I only moved the passwords ending with ) to the end of the word list so that I can reliably trigger the parsing bug. Otherwise, you needed to be lucky that one of the status lines (of the forked processes) had passwords any_password..a_password_endingwith) If these "problematic" passwords appear in a random sequence, then the more forked processes, the higher the chance one ends with such a status line. (Of course, changing pw-new.dic without also adjusting some word list sizes in jtrts.dat, you might now get other FAILed tests. )

jfoug commented 9 years ago

But we can not simply use a file like that Frank. There are formats where I use the first X lines of the file (some of the slower ones). I create a truncated input file. This was done so that when there ARE problems with the format and it is not finding things, that it does not run a LONG time, but exits much quicker with a listing that only part of them were found.

frank-dittrich commented 9 years ago

I did not seriously suggest we change pw-new.dic. It was just a temporary workaround to be able to more reliably get those status lines which list passwords any_password..a_password_ending_with_), even without using --fork. The problem is that you treat these status lines where the final password happens to end with a ) as if they were lines reporting cracked passwords.

jfoug commented 9 years ago

Part of the 'parsing' problem is it is truly free form.

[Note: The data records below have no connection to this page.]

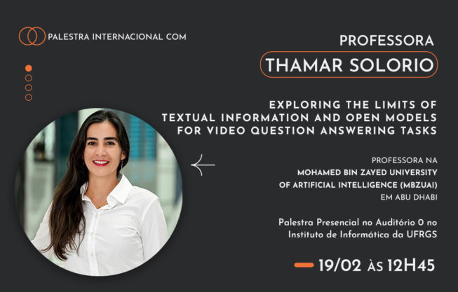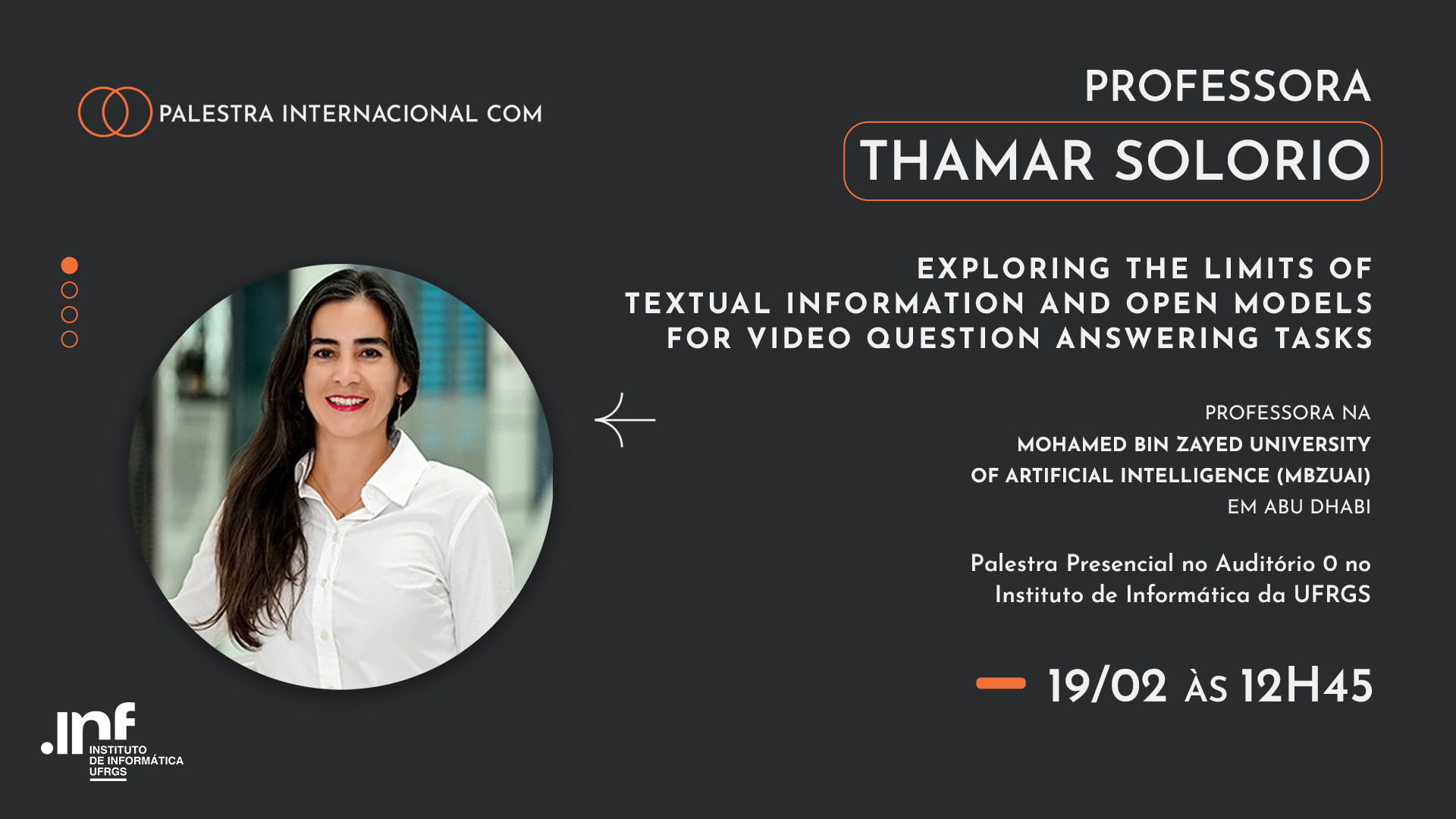 A Profª Thamar Solorio, da Mohamed bin Zayed University of Artificial Intelligence (MBZUAI) em Abu Dhabi, estará visitando o INF-UFRGS no dia 19/02 (segunda-feira). Ela irá apresentar uma palestra sobre Visual Question Answering. Além disso, uma representante da universidade irá discutir oportunidades de intercâmbio para alunos de graduação e pós nas áreas de aprendizado de máquina, processamento de linguagem natural, visão computacional e robótica. Os alunos selecionados ganham bolsa de estudos, passagens e outros benefícios.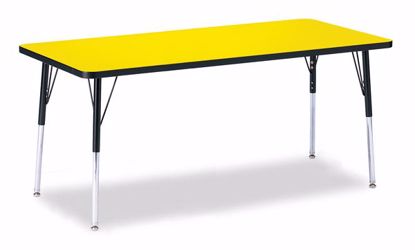 The perfect table for any occasion. Accommodates up to 10 chairs. The legs adjust from 20” to 31” high, are 2” thick, and feature heavy-duty casters. Yellow tabletop with black TRUEdge, black legs, and black casters.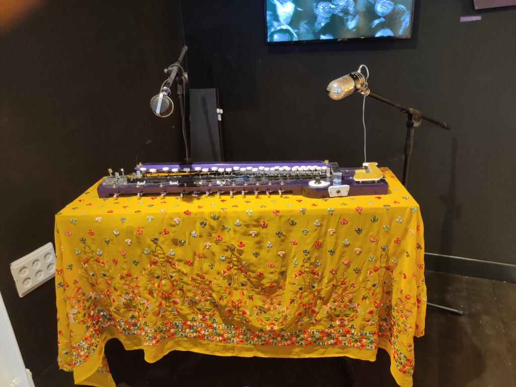 בתערוכה מוצגים פריטים אותנטיים וביניהם 'העוד' ששימש ככלי נגינה לעוזרי.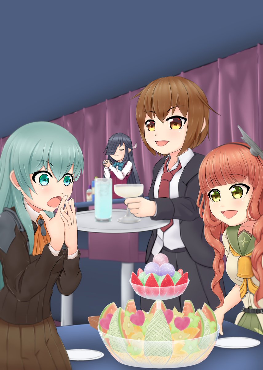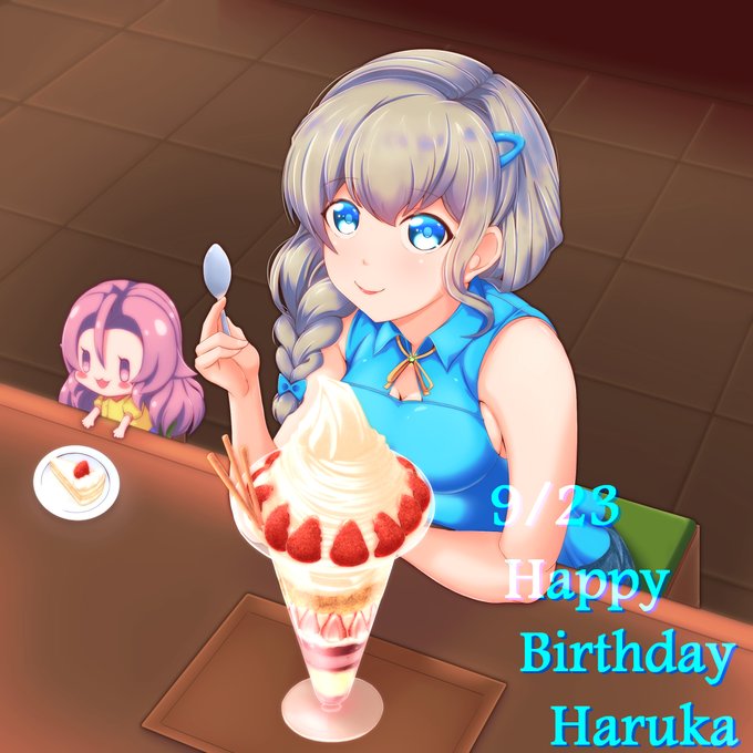 遥香誕生日記念絵 「こんなに大きなパフェ、本当に食べてもいいんですか?」 これで満足してくれると、先生うれしいなぁ…。 目の前でどんどんなくなっていくなぁ…。 …でもいい食べっぷりだからまぁいいか。 遥香、誕生日おめでとう! #バトガ #成海遥香生誕祭2021 #成海遥香生誕祭

There is very little to go on.

This could be a bad line:

guesses: 920 0:00:00:00 DONE (2015-03-04 16:52) 30666g/s 30666p/s 30666c/s 28213KC/s aab2b..?ziypppppG"Z)

as could this

E (2015-03-04 16:52) 30666g/s 30666p/s 30666c/s 28213KC/s aab2b..?ziypppppG"Z)

The format is simply this:

something (something)

so if the line ends with a ')' and has a '(' somewhere, then that is really all I have to go on to check. The code is written to FIND cases where there are problems, so checking for 'something' == 'something' only tells us we have a correct password.

This is perfectly expected (but buggy) for JtR to ouput: 1 (111) and we have seen that for bfegg. It shows a problem (well a problem in the actual hash algorithm, not really in JtR). So what makes parsing 1 (111) any better than parsing E (2015-03-04 16:52) 30666g/s 30666p/s 30666c/s 28213KC/s aab2b..?ziypppppG"Z) ? Yes, in the 2nd one, we do not have a matched pair of ( and ). I 'guess' I could look for that. But I will assure you, that is simply a band aide, and will not fix anything.

jfoug commented 9 years ago

Ok, I see the problem you are explaining now.

The 'easy' work around for that is to add this to the pot_match_pass() function:

    if (index($line, "Will run ") == 0 && index($line, "OpenMP") > 0) { return 1; }
    if (index($line, "Node numbers ") == 0) { return 1; }
+   if (index($line, "guesses: ") == 0) { return 1; }
    my $idx = index($line, " (");
    my $s = substr($line, $idx+2);

I do not think this fixes the fork problems, but should fix the problem you are seeing. I think the problem you are seeing will vary based upon OMP_NUM_THREADS

jfoug commented 9 years ago

What is the OMP thread count you are running on this machine?

frank-dittrich commented 9 years ago

BFegg is different, because there is more than one valid password per hash. May be it would be good enough to stop looking for more cracked passwords if you already found all your expected passwords.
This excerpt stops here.